[RECORDED DATA]:
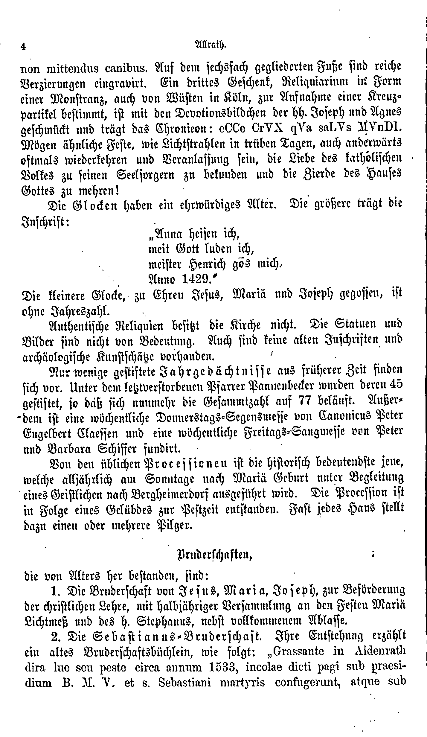 2. Die Sebastianus-Bruderschaft. Ihre Entstehung erzählt ein altes Bruderschaftsbüchlein, wie folgt: "Grassane in Aldenrath dira lue scu peste circa annum 1533, incolae dicti pagi sub praesidium B. M. V. et s. Sebastiani martyris confugerunt, atque sub
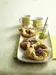 Fold the squares over to form a pocket, press the edges well down. Cut the long side several times to a depth of about 1 cm. Place nut pockets on a baking tray lined with baking paper. Brush with remaining egg white and sprinkle with 20 g nut flakes. Bake in a preheated oven (electric cooker: 175 °C / fan-assisted oven: 150 °C / gas: level 2) for 20-25 minutes. Let them cool down on a cake rack
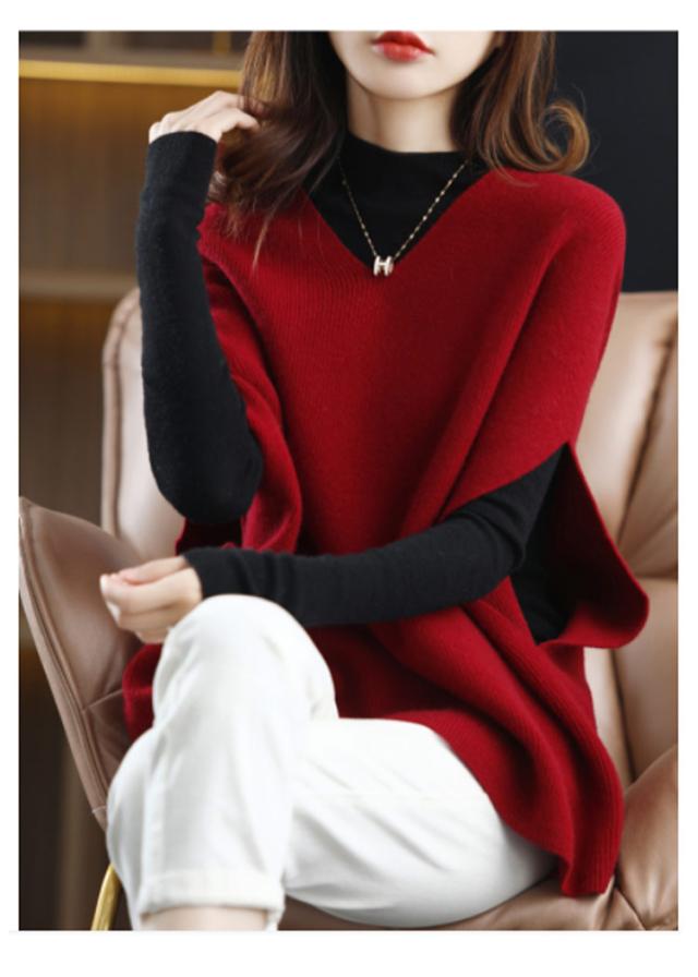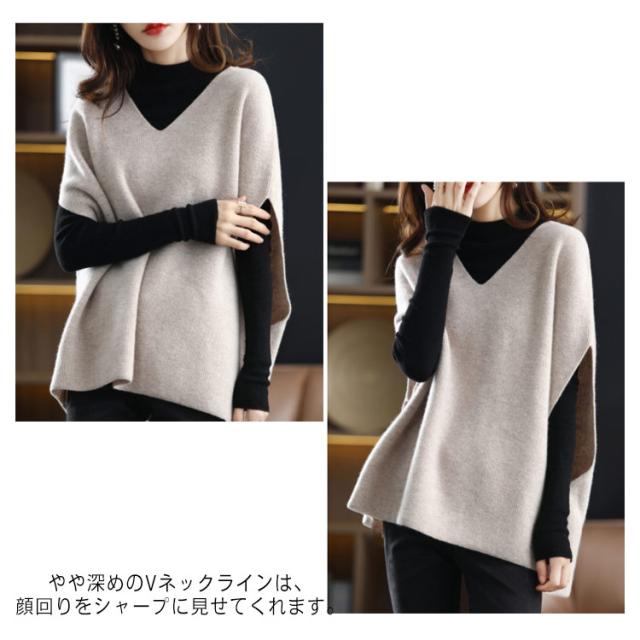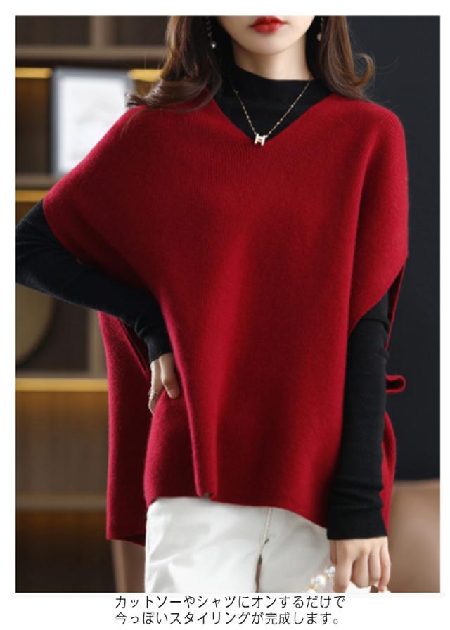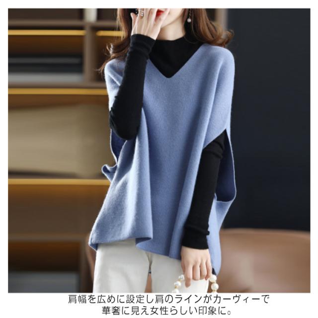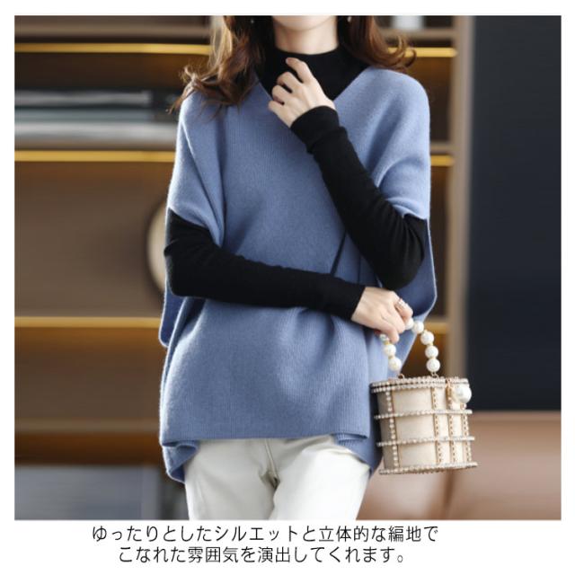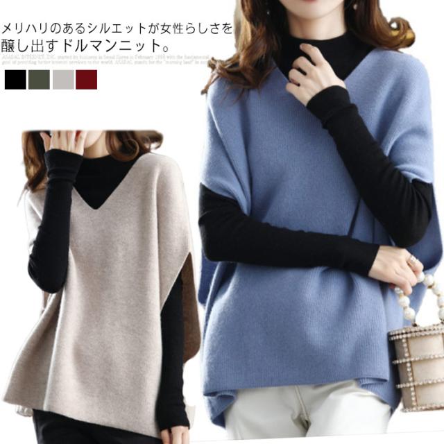 ドルマンニット セーター ニット ノースリーブ ニットベスト Vネック レイヤード 重ね着 ゆるっとお洒落 ニットトップス ニットベスト ニットチョッキ チュニック セーター ケーブルニット トップス 体型

[TASK INSTRUCTIONS]: Return the data above in its exact wording, with none of the pictures.

[EXERCISE SOLUTION]:
 2. Die Sebastianus-Bruderschaft. Ihre Entstehung erzählt ein altes Bruderschaftsbüchlein, wie folgt: "Grassane in Aldenrath dira lue scu peste circa annum 1533, incolae dicti pagi sub praesidium B. M. V. et s. Sebastiani martyris confugerunt, atque sub
 Fold the squares over to form a pocket, press the edges well down. Cut the long side several times to a depth of about 1 cm. Place nut pockets on a baking tray lined with baking paper. Brush with remaining egg white and sprinkle with 20 g nut flakes. Bake in a preheated oven (electric cooker: 175 °C / fan-assisted oven: 150 °C / gas: level 2) for 20-25 minutes. Let them cool down on a cake rack
 ドルマンニット セーター ニット ノースリーブ ニットベスト Vネック レイヤード 重ね着 ゆるっとお洒落 ニットトップス ニットベスト ニットチョッキ チュニック セーター ケーブルニット トップス 体型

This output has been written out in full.